Gli incidenti probatori, per venire a questi, servono al fine di fissare, con valore di prova, le testimonianze di persone che potrebbero morire prima del processo, o che potrebbero essere indotte a cambiare versione. I testimoni in questione, però, non sono persone che, subito dopo l’omicidio, nel giro, massimo, di qualche giorno, sono andate a dire : ho visto questo e quello. No, sono persone che per lunghe settimane non hanno detto nulla e, in qualche caso, hanno esplicitamente negato di avere visto od avere alcunché da dire. Sono persone, dunque, che hanno già cambiato versione. Vi è un solo modo, allora, per saggiare la loro credibilità e, al tempo stesso, la fondatezza e ragionevolezza delle cose che dicono, ed è quello di portarli a deporre in un processo. Il resto lascia il tempo che trova, e se l’accusa pensa di fare un processo con incidenti probatori, anziché con testimonianze originali, vuol dire che ha smarrito la lettera e lo spirito del processo accusatorio.

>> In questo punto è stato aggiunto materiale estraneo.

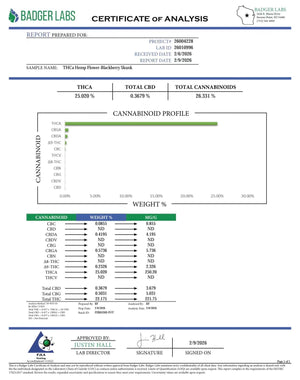 All BackWoodz premium hemp flower products go through 3rd party testing and organically grown without the use of pesticides. Blackberry Skunk tests with 25.02% THCA and under .3% Delta-9 THC. BackWoodz hemp flower is U.S Farm Bill compliant under the Agriculture Improvement Act (Sec. 10113).

Se, oltre tutto, l’impianto accusatorio ha un senso, se, cioè, i colpevoli sono i due detenuti, che hanno agito senza movente, quasi per giuoco, chi mai dovrebbe intimidire i testimoni ? Ma, si dirà, eppure quelle persone ricevono minacce. E grazie, dico io, i loro volti, i loro nomi, le loro storie sono ogni giorno in televisione, ed ogni giorno ci viene comunicato che ricevono minacce, già questo è un meccanismo che crea ulteriori minacce, di mitomani e squilibrati vari. Se, al contrario, le minacce fossero reali e pericolose, allora vorrebbe dire che essi vengono minacciati non affinché cambino versione, smettendo di accusare i due detenuti, ma affinché non la cambino, continuando ad accusare i due. Come dire che il vero od i veri colpevoli sono ancora in circolazione.

Comunque, quei due assistenti, che le leggi ci impongono di considerare innocenti, sono ancora detenuti, la polizia giudiziaria continua a frugare fra le loro carte personali, e quelle carte finiscono direttamente sui giornali. Cos’è questa, se non una gigantesca attività di inquinamento delle prove? E chi ne è protagonista, se non la pubblica accusa?

Il protrarsi di questa situazione, e di questa attività, è un’offesa al paese civile, ed un’offesa ai principi che reggono il nostro sistema sociale. Questo occorre dirlo e gridarlo. Non ce la sentiamo, e non vogliamo scommettere sulla colpevolezza o sull’innocenza di nessuno. Ma sentiamo il dovere di avvertire che, così, si uccide il diritto. E con un movente miserabile.